Women who suffered mesh complications after undergoing pelvic organ prolapse repair surgery with a trans vaginal mesh may have legal recourse. On July 13, 2011, the FDA announced that patients undergoing pelvic organ prolapse repair with a surgical mesh may be at a greater risk for mesh complications than women pursuing other surgical treatments. Because the manufacturers of trans vaginal meshes failed to warn patients and doctors about this increased risk, women suffering mesh complications may be able to file a claim seeking compensation for medical bills, pain and suffering and other damages.
Did you experience mesh erosion or other mesh complications following pelvic organ prolapse surgery? Find out if you can seek compensation for your injuries by completing our free, no obligation case review form with details of your mesh complications.
Pelvic organ prolapse (POP) repair surgery can be performed through the abdomen or the vagina, using stitches or a surgical mesh to reinforce the repair and to support the pelvic organs. According to the FDA, the transvaginal placement of the surgical mesh may put women at a greater risk for POP mesh complications than other surgical options. In addition, the agency claims that with the exposure to greater risk comes no indication of greater clinical benefit in women electing to undergo pelvic organ prolapse repair surgery transvaginally.

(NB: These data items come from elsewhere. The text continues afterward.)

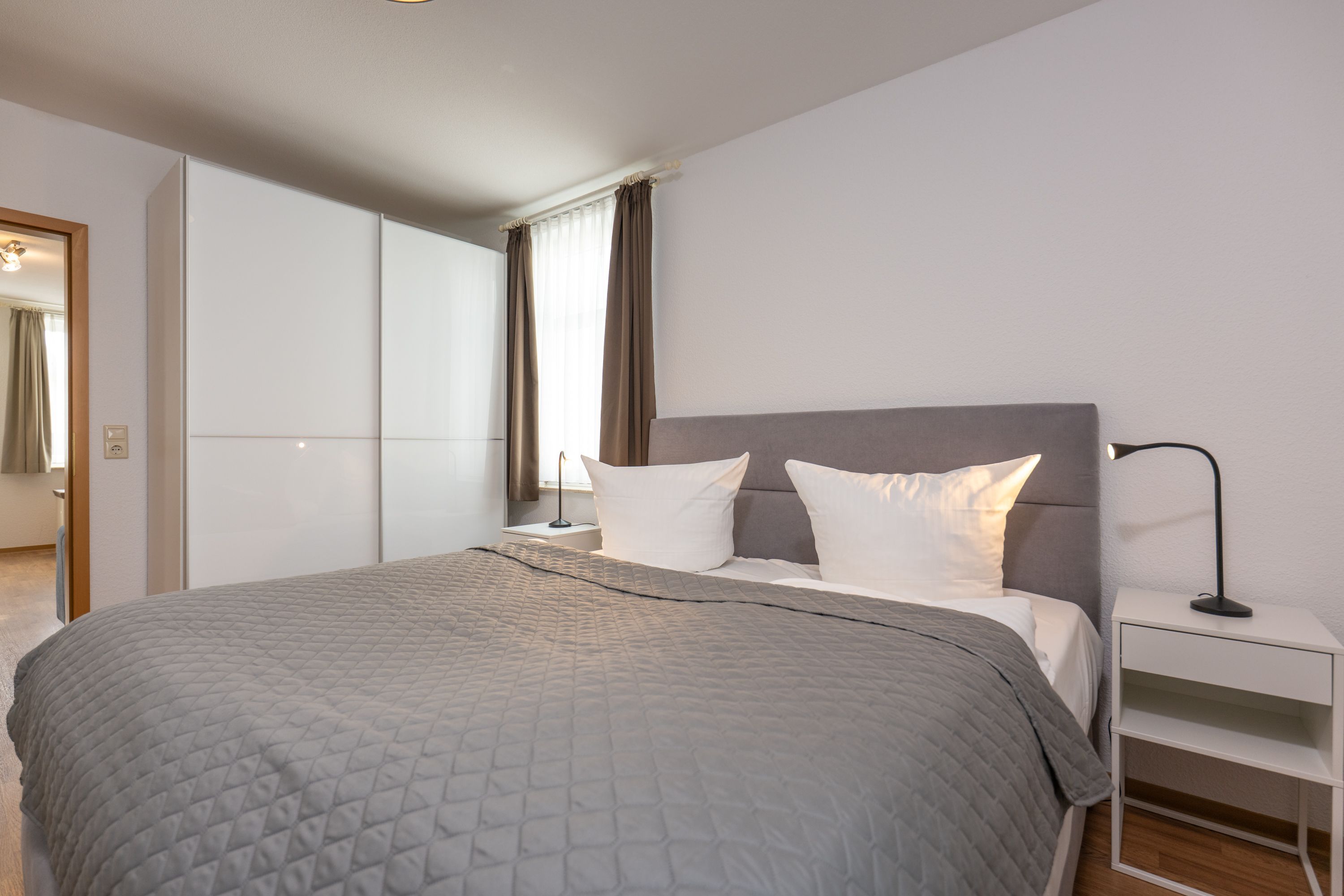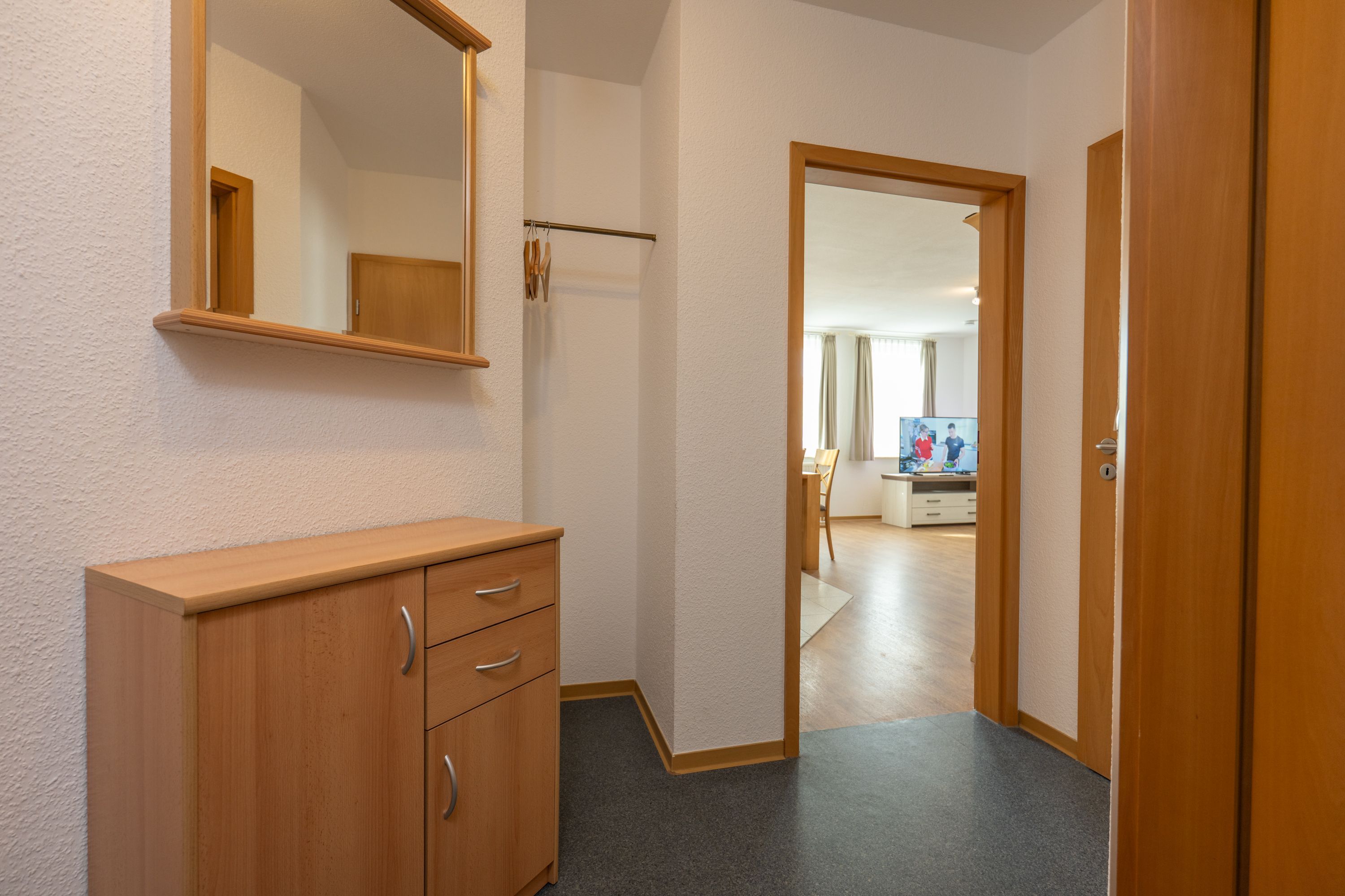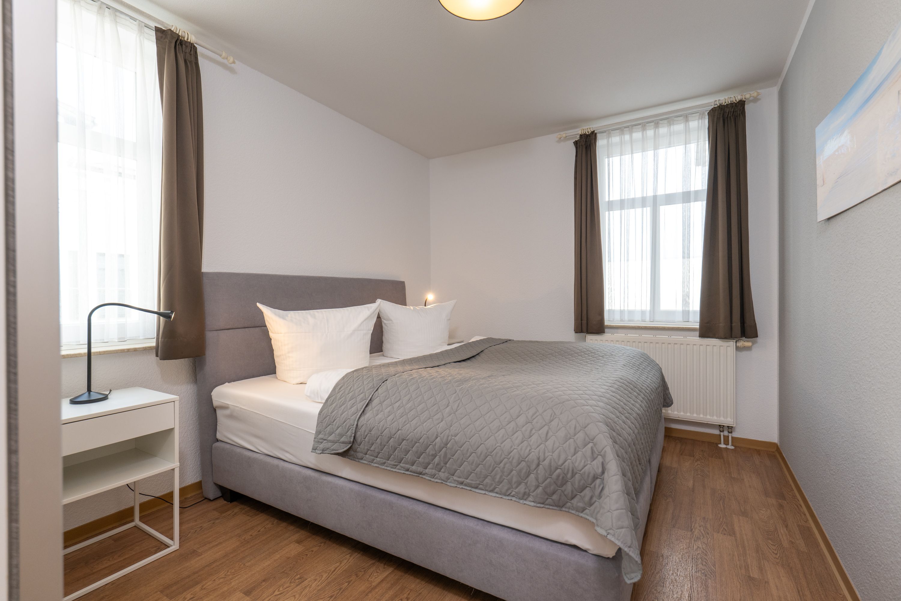 Schlafmöglichkeiten: Hauptschlafzimmer mit zweitem TV, hochwertigem Boxspringbett; zweites Schlafzimmer mit zwei Einzelbetten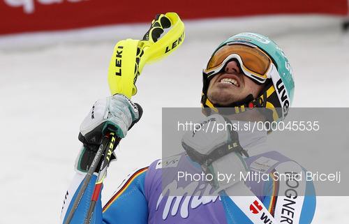 : Second placed Felix Neureuther of Germany reacts in finish of second run of men slalom race of FIS Alpine skiing World Championships in Schladming, Austria. Men slalom race of FIS Alpine skiing World championships Schladming 2013, was held in Schladming, Austria, on Sunday, 17th of February 2013.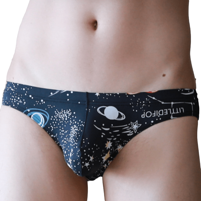 Make a statement in these fun pop bikini briefs with vibrant graphic designs. They will hold snug to your skin. have an ultra low-rise cut. and have a convex pouch that is specifically designed to extend and enhance your bulge. You'll be sure to impress anyone lucky enough to see you wearing a pair.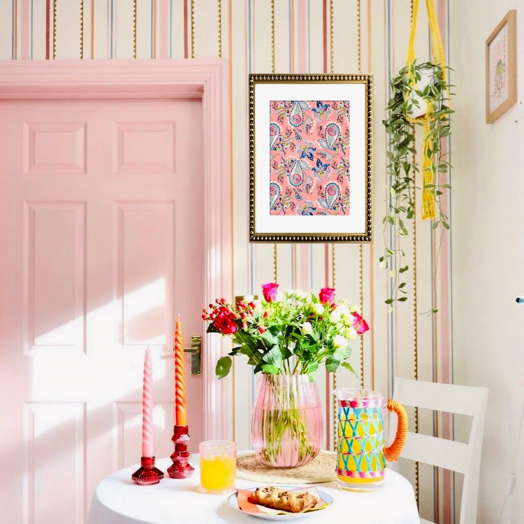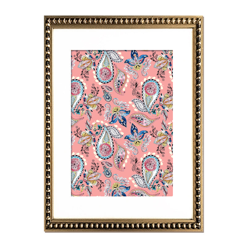 Cuadro con diseño abstracto en colores y fondo rosa, con paspartú blanco y marco de madera delgado de perlas doradas.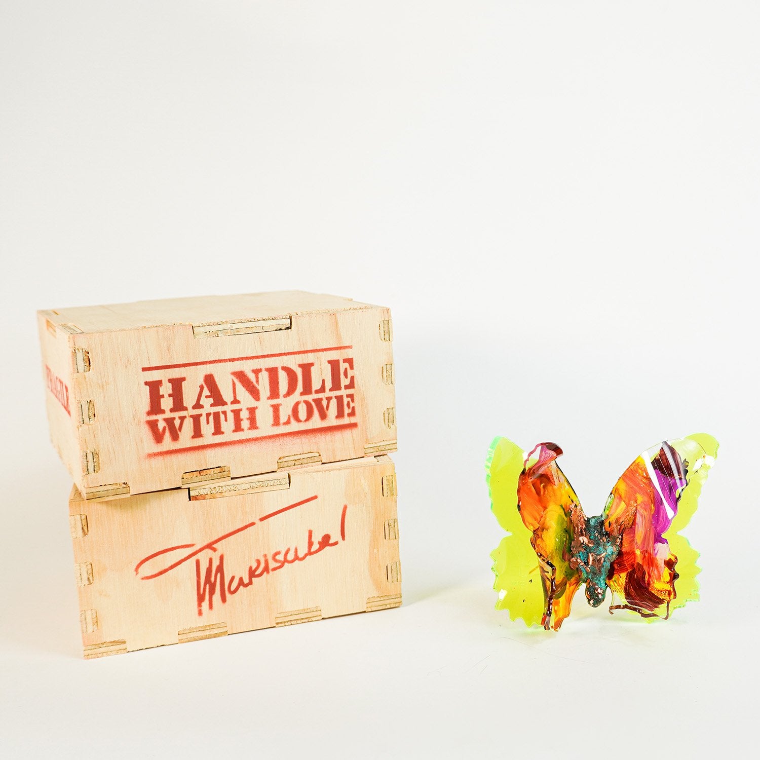 Ambar Joy is 3.5” x 3.5” Each piece is numbered, signed, and placed into a handmade wooden box with a label that reads, “Handle with Love.”
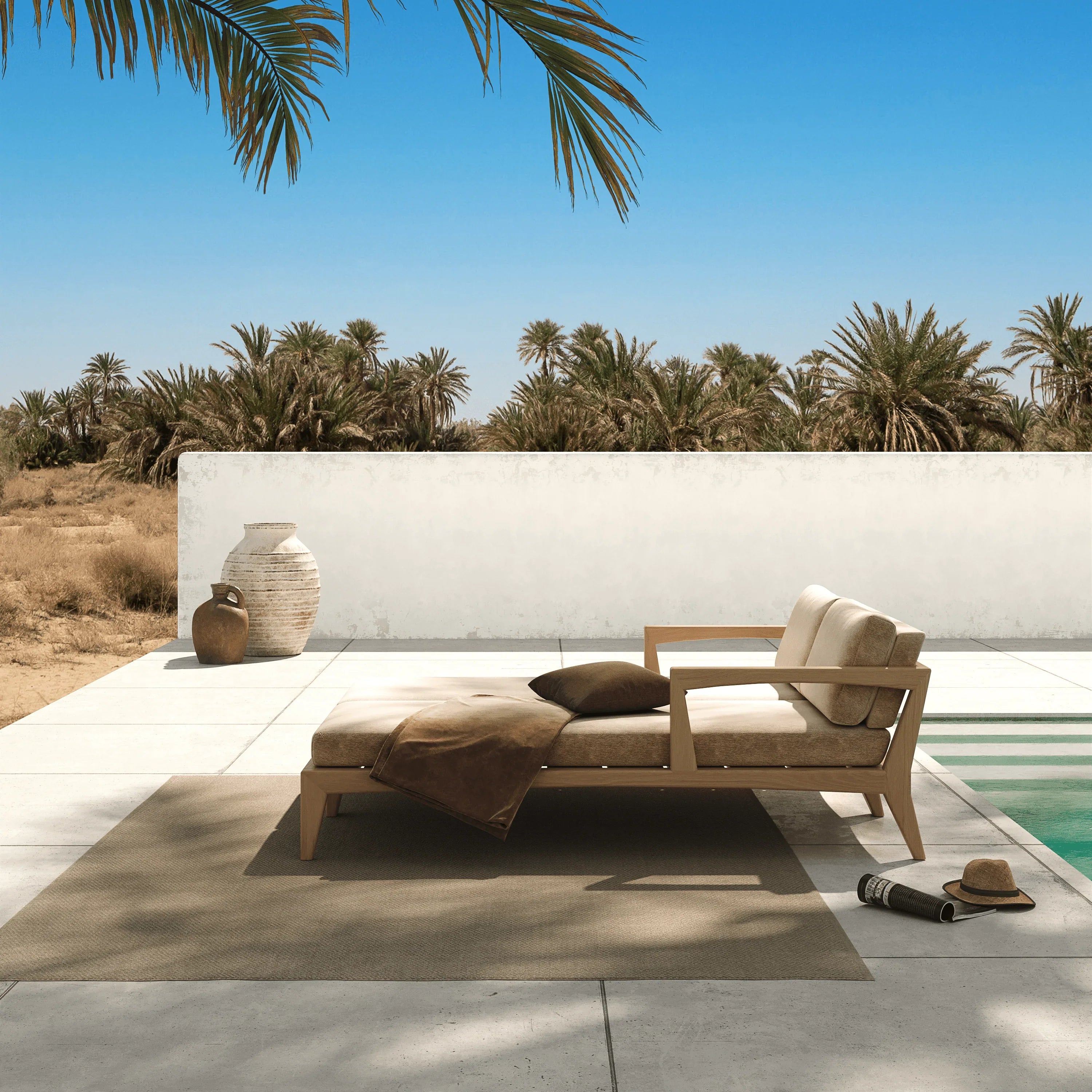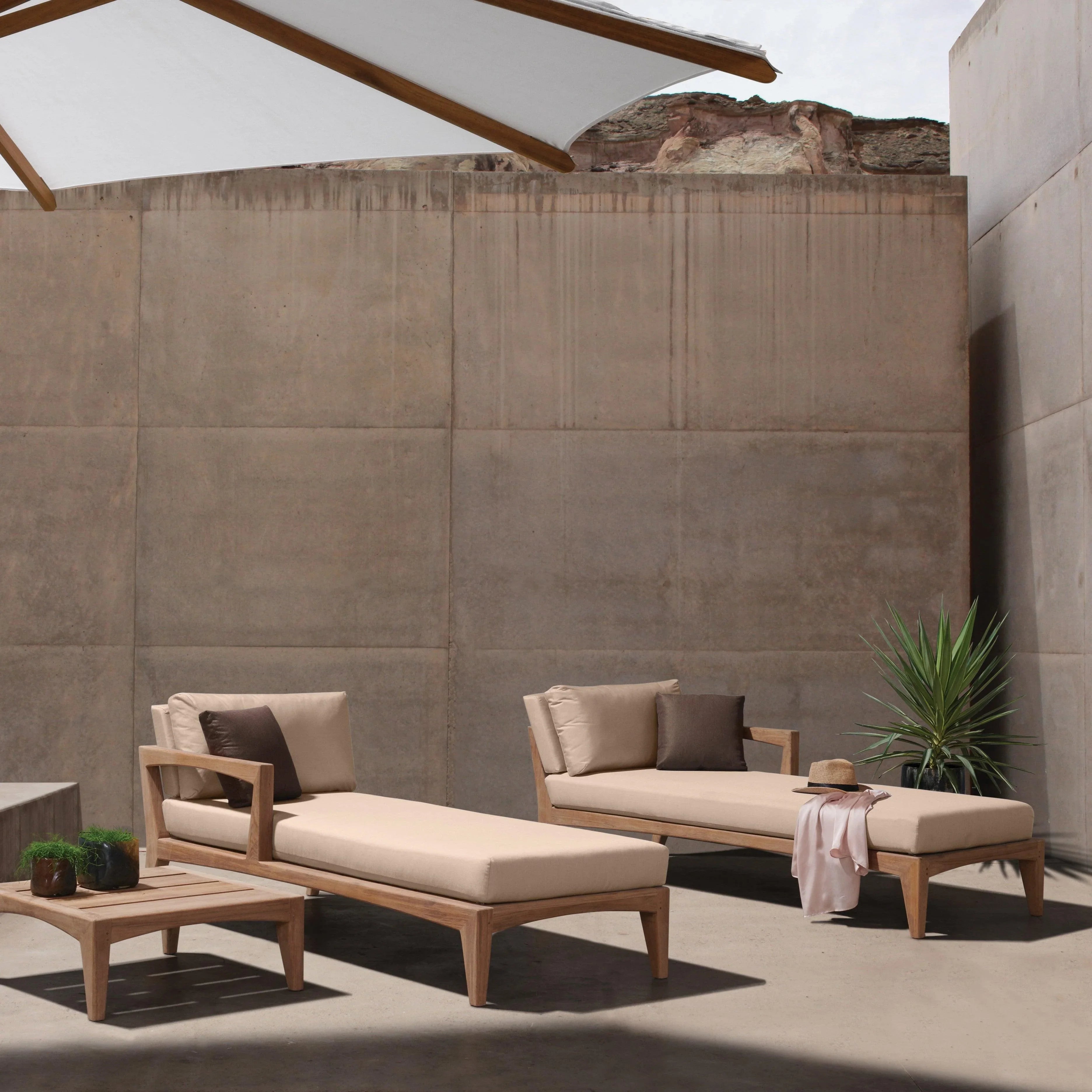 Le Lounge Set 03 se compose de deux daybeds qui offrent des possibilités d'aménagement flexibles. Qu'il s'agisse d'une surface de repos généreuse pour des heures de détente ou d'un point de rencontre élégant pour les invités, les daybeds s'adaptent à vos besoins et font de l'ensemble un point fort polyvalent dans votre espace extérieur. La finition de haute qualité et le design intemporel vous permettront de profiter longtemps de votre ensemble lounge.

The following are among the vaginal mesh complications reported by women who underwent pelvic organ prolapse repair surgery with a trans vaginal mesh:
The FDA first alerted the public to these trans vaginal mesh problems when it released a safety communication in 2008 regarding the complications associated with the trans vaginal placement of surgical mesh to treat POP and stress urinary incontinence (SUI). In the vaginal mesh complications safety announcement, the agency claimed that in the past three years it had received more than 1000 reports of mesh complications from nine different manufacturers. Since then, the number of mesh complications reported to the agency has increased; from 2008 to 2010, the agency received more than 1500 reports of mesh complications stemming from pelvic organ prolapse repair surgery, five times as many as it had received between 2005 to 2007. However, these reports of mesh complications did not always indicate whether the patient underwent POP surgery through the abdomen or the vagina.
In light of the FDA mesh warnings, our pelvic mesh attorneys are currently available to review claims of vaginal mesh complications from women who were implanted with many types of vaginal meshes and bladder slings, including but not limited to the following:
Potentially, these individuals may be able to seek compensation for medical bills, pain and suffering and other damages resulting from their mesh problems. Fill out our free case review form today and our vaginal mesh lawyers will evaluate your claim, at no cost to you, to determine if you can participate in a vaginal mesh lawsuit. There is a time limit for filing vaginal mesh lawsuits, so do not hesitate to contact us today.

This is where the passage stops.